From 67ad6b0b77df83d6ea95ab2b921540e2288be372 Mon Sep 17 00:00:00 2001
From: Heikki Linnakangas <heikki.linnakangas@iki.fi>
Date: Tue, 3 Dec 2024 15:42:03 +0200
Subject: [PATCH v5 5/5] Add a cache to Snapshot to avoid repeated CSN lookups

Cache the status of all XIDs that have been looked up in the CSN log
in the SnapshotData. This avoids having to go the CSN log in the
common case that the same XIDs are looked up over and over again.
---
 src/backend/utils/time/snapmgr.c | 92 ++++++++++++++++++++++++++++++--
 src/include/utils/snapshot.h     | 10 +++-
 2 files changed, 96 insertions(+), 6 deletions(-)

diff --git a/src/backend/utils/time/snapmgr.c b/src/backend/utils/time/snapmgr.c
index da82def846..df9e8ba37f 100644
--- a/src/backend/utils/time/snapmgr.c
+++ b/src/backend/utils/time/snapmgr.c
@@ -66,6 +66,35 @@
 #include "utils/snapmgr.h"
 #include "utils/syscache.h"
 
+/*
+ * Define a radix tree implementation to cache CSN lookups in a snapshot.
+ *
+ * We need only one bit of information for each XID stored in the cache: was
+ * the XID running or not.  However, the radix tree implementation uses 8
+ * bytes for each entry (on 64-bit machines) even if the value type is smaller
+ * than that.  To reduce memory usage, we use uint64 as the value type, and
+ * store multiple XIDs in each value.
+ *
+ * The 64-bit value word holds two bits for each XID: whether the XID is
+ * present in the cache or not, and if it's present, whether it's considered
+ * as in-progress by the snapshot or not.  So each entry in the radix tree
+ * holds the status for 32 XIDs.
+ */
+#define RT_PREFIX inprogress_cache
+#define RT_SCOPE
+#define RT_DECLARE
+#define RT_DEFINE
+#define RT_VALUE_TYPE uint64
+#include "lib/radixtree.h"
+
+#define INPROGRESS_CACHE_BITS 2
+#define INPROGRESS_CACHE_XIDS_PER_WORD 32
+
+#define INPROGRESS_CACHE_XID_IS_CACHED(word, slotno) \
+	((((word) & (UINT64CONST(1) << (slotno)))) != 0)
+
+#define INPROGRESS_CACHE_XID_IS_IN_PROGRESS(word, slotno) \
+	((((word) & (UINT64CONST(1) << ((slotno) + 1)))) != 0)
 
 /*
  * CurrentSnapshot points to the only snapshot taken in transaction-snapshot
@@ -595,6 +624,12 @@ CopySnapshot(Snapshot snapshot)
 	newsnap->copied = true;
 	newsnap->snapXactCompletionCount = 0;
 
+	/*
+	 * TODO: If we had a separate reference count on the cache, we could share
+	 * it between the copies.
+	 */
+	newsnap->inprogress_cache = NULL;
+
 	/* setup XID array */
 	if (snapshot->xcnt > 0)
 	{
@@ -609,7 +644,7 @@ CopySnapshot(Snapshot snapshot)
 	 * Setup subXID array.

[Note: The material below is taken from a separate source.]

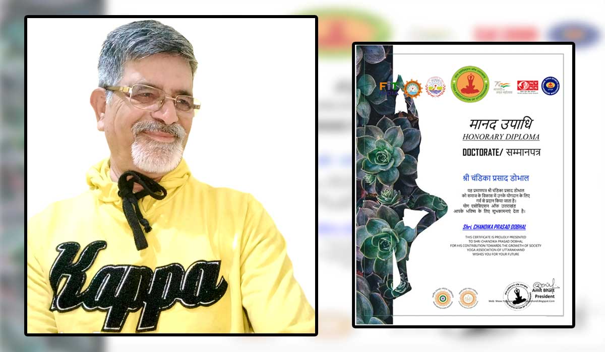 ऐसी प्रतिभा को उत्तराखंड योगा एसोसिएशन के अध्यक्ष अमित भट्ट द्वारा गत दिवस मानद उपाधि प्रदान कर गोरवान्वित किया गया। वन विभाग में निरंतर 36 साल सर्वेयर के पद पर सेवा देने वाले देहरादून वन प्रभाग से सेवा निवृत हुए चंडिका प्रसाद डोभाल को उनके सामाजिक कार्यों के लिए व स्वस्थ बनाए रखने के लिए योग को आगे बढ़ाने में योगदान के लिए उत्तराखंड योग एसोशिएशन ने मानद उपाधि देकर सम्मानित किया।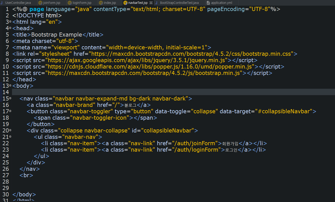 비어있는 jsp 파일(navbarTest.jsp)에서 밑에 사진처럼 윗부분만을 남기고 밑에 부분은 삭제합니다.

Don't bother to copy it if it had overflowed,
 	 * though, because it's not used anywhere in that case. Except if it's a
 	 * snapshot taken during recovery; all the top-level XIDs are in subxip as
-	 * well in that case, so we mustn't lose them.

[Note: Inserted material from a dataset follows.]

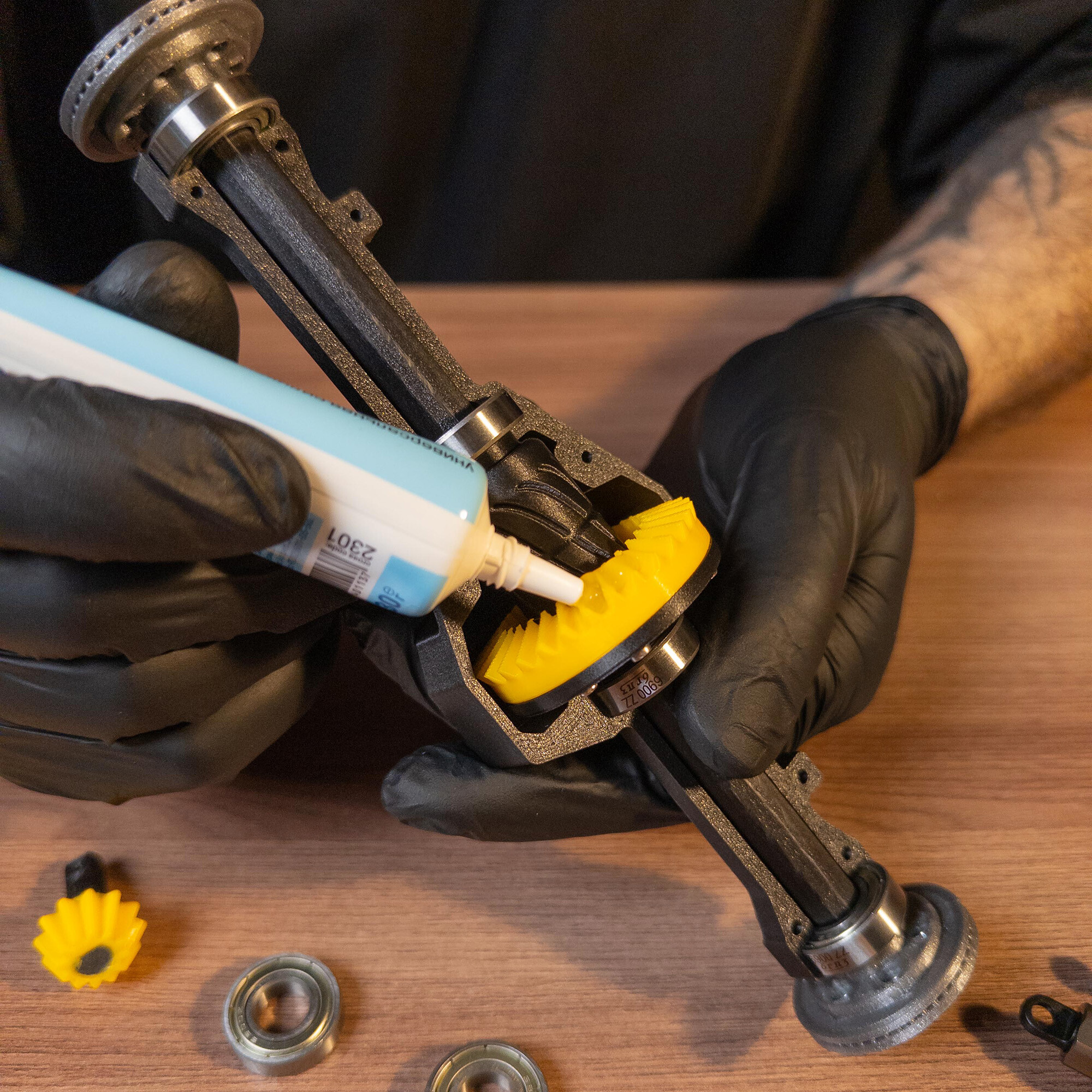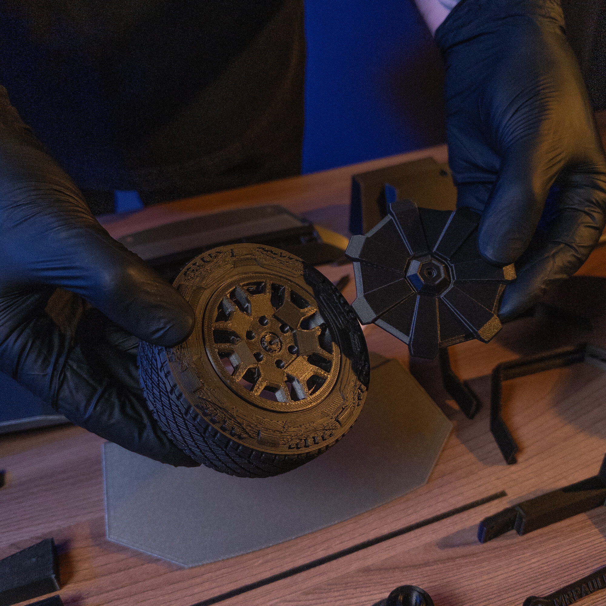 Для кузова Cybertruck я также смоделировал и распечатал стилизованные покрышки с дисками и колпаками. Перепробовал много гибких материалов для печати покрышек, но большинство из них давали слишком глянцевую поверхность и не были похожи на настоящую резину. В итоге остановился на BFgummy — капризном в печати, но очень приятном по тактильности и внешнему виду материале. Он даёт матовую фактуру, хорошо гнётся и визуально максимально близок к реальным шинам.

+	 * well in that case, so we mustn't lose them. XXX
 	 */
 	if (snapshot->subxcnt > 0 &&
 		(!snapshot->suboverflowed || snapshot->takenDuringRecovery))
@@ -635,6 +670,8 @@ FreeSnapshot(Snapshot snapshot)
 	Assert(snapshot->active_count == 0);
 	Assert(snapshot->copied);
 
+	if (snapshot->inprogress_cache)
+		inprogress_cache_free(snapshot->inprogress_cache);
 	pfree(snapshot);
 }
 
@@ -1807,6 +1844,7 @@ RestoreSnapshot(char *start_address)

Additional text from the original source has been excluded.